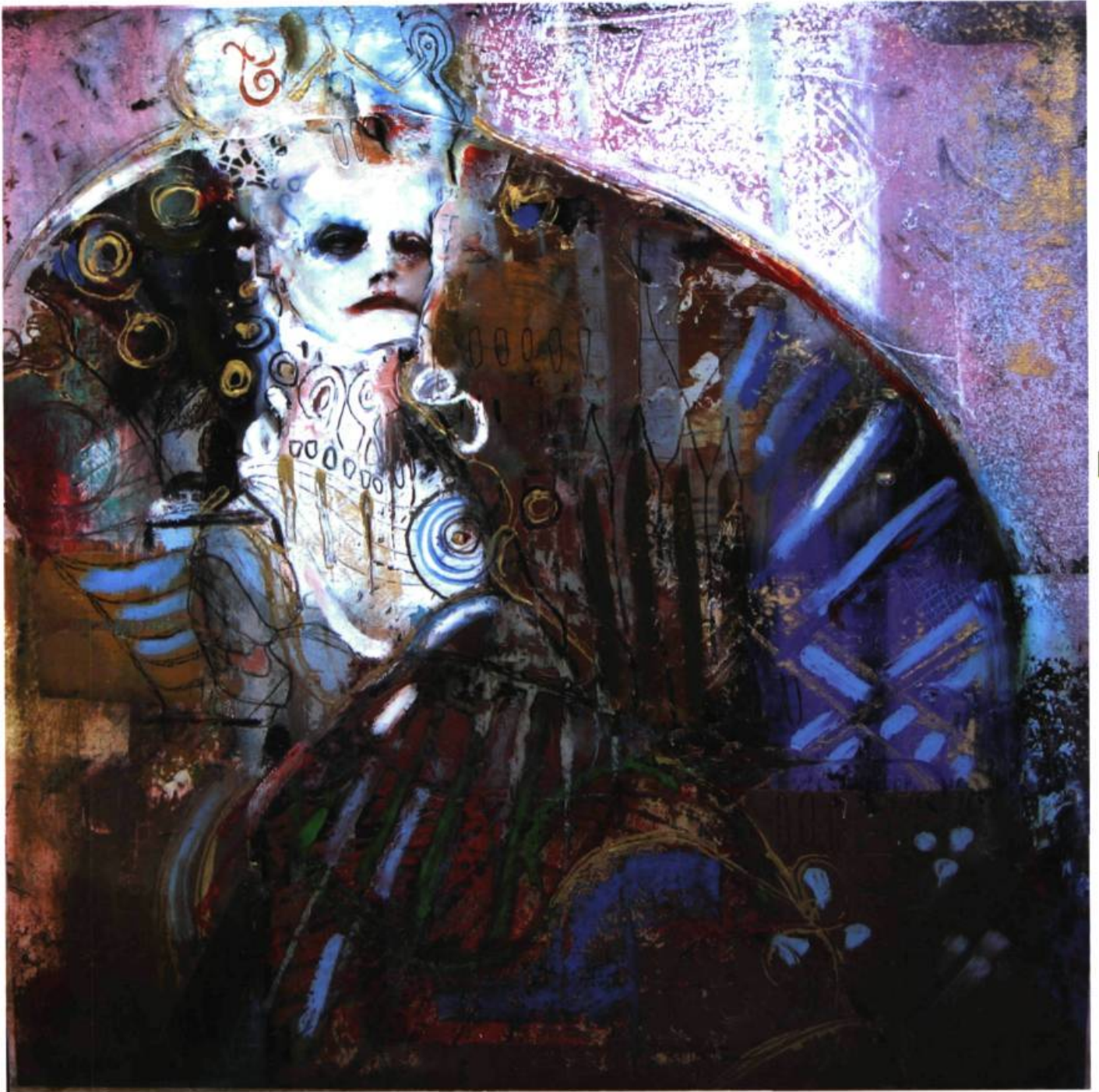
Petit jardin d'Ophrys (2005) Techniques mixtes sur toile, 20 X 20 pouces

--

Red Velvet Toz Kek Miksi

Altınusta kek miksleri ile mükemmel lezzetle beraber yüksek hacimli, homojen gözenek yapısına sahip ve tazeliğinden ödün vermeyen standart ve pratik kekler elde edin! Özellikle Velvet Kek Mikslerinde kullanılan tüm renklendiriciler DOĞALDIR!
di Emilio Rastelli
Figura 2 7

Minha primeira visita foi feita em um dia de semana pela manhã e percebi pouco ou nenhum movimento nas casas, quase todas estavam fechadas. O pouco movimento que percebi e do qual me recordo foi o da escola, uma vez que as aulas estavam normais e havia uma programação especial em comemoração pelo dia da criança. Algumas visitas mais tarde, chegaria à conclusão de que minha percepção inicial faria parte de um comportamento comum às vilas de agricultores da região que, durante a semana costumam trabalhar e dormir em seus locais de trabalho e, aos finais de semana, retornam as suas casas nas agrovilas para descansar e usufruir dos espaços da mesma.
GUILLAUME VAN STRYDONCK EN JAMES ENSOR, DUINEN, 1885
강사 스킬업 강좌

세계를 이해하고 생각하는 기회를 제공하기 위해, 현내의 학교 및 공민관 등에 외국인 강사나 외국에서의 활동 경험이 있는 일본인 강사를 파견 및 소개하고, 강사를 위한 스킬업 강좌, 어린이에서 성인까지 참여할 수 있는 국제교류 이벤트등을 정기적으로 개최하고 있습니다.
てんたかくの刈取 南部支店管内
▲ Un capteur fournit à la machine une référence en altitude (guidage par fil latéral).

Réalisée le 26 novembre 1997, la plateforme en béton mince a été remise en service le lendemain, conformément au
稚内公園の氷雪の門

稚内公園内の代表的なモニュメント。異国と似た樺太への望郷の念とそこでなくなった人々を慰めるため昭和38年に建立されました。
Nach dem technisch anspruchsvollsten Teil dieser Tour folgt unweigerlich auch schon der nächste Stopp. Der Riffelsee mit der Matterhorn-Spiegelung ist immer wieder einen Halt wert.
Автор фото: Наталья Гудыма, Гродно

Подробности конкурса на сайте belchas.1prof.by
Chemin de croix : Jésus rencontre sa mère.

* [WORK ORDER]
Retype exactly the lines of the data above that fall between the line with "てんたかくの刈取 南部支店管内" and the line with "Chemin de croix : Jésus rencontre sa mère.", inclusive, and add nothing.

* [EXERCISE SOLUTION]
てんたかくの刈取 南部支店管内
▲ Un capteur fournit à la machine une référence en altitude (guidage par fil latéral).

Réalisée le 26 novembre 1997, la plateforme en béton mince a été remise en service le lendemain, conformément au
稚内公園の氷雪の門

稚内公園内の代表的なモニュメント。異国と似た樺太への望郷の念とそこでなくなった人々を慰めるため昭和38年に建立されました。
Nach dem technisch anspruchsvollsten Teil dieser Tour folgt unweigerlich auch schon der nächste Stopp. Der Riffelsee mit der Matterhorn-Spiegelung ist immer wieder einen Halt wert.
Автор фото: Наталья Гудыма, Гродно

Подробности конкурса на сайте belchas.1prof.by
Chemin de croix : Jésus rencontre sa mère.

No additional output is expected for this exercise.